Propos recueillis par Béatrice TAUPIN.

 

Les attentes contradictoires des Français

Les Français font très majoritairement confiance à l'hôpital 77 % selon le sondage Ipsos réalisé à la demande du ministère des affaires sociales mais ils souhaitent à 58 % une réforme du système hospitalier. Même s'ils estiment que dans les cinq dernières années la situation s'est plutôt améliorée notamment sur la qualité des équipements (75 %) et la qualité des soins (18 %) ils attendent des progrès sur l'accueil des urgences (74 %), l'information des malades (73 %), les consultations et les délais d'attente (79 %), les procédures administratives (73 %).

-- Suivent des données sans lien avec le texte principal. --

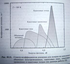 Рис. Спектр коэффициентов усиления для лазеров на идеальных, объемных полупроводниках, квантовых ямах, квантовых проволоках и квантовых точках.
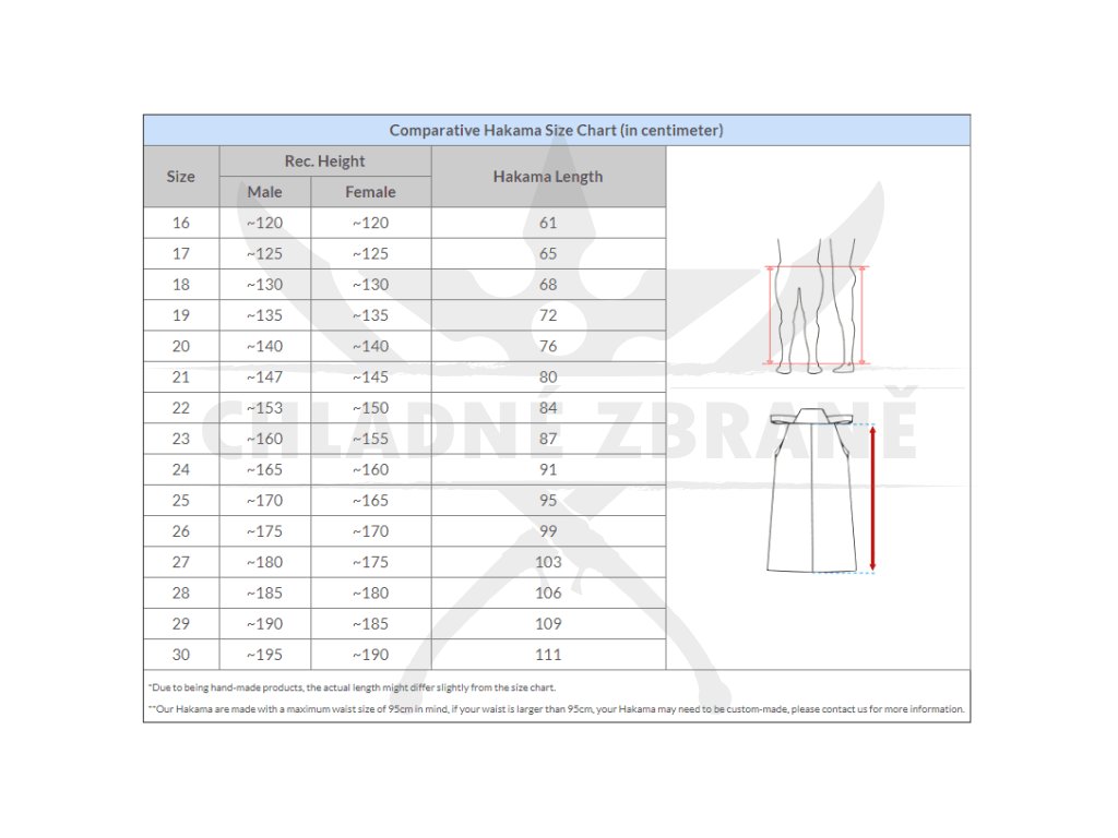 Model je určen především praktikujícím, kteří chtějí spolehlivou tréninkovou hakamu pro pravidelné cvičení a požadují rozumnou životnost i pohodlí. Dobře poslouží jako první hakama do dojo i jako pracovní kus na intenzivnější trénink. K dispozici je ve velikostech 26 a 28 (viz foto tabulky), přičemž je potřeba počítat s tím, že střih není vhodný pro osoby s obvodem pasu nad 95 cm.

L'avenir de l'hôpital leur parait lié au développement de l'hospitalisation à domicile ou des soins hospitaliers sans hébergement (84 %), et à la coopération entre les différents hôpitaux (90 %) ou entre hôpitaux et médecine de ville (87 %). Plus contradictoire avec un objectif de qualité et de modernisation du système. 62 % des Français estiment qu'"il faut conserver tous les hôpitaux actuels même s'ils ne sont pas tous au même niveau technique".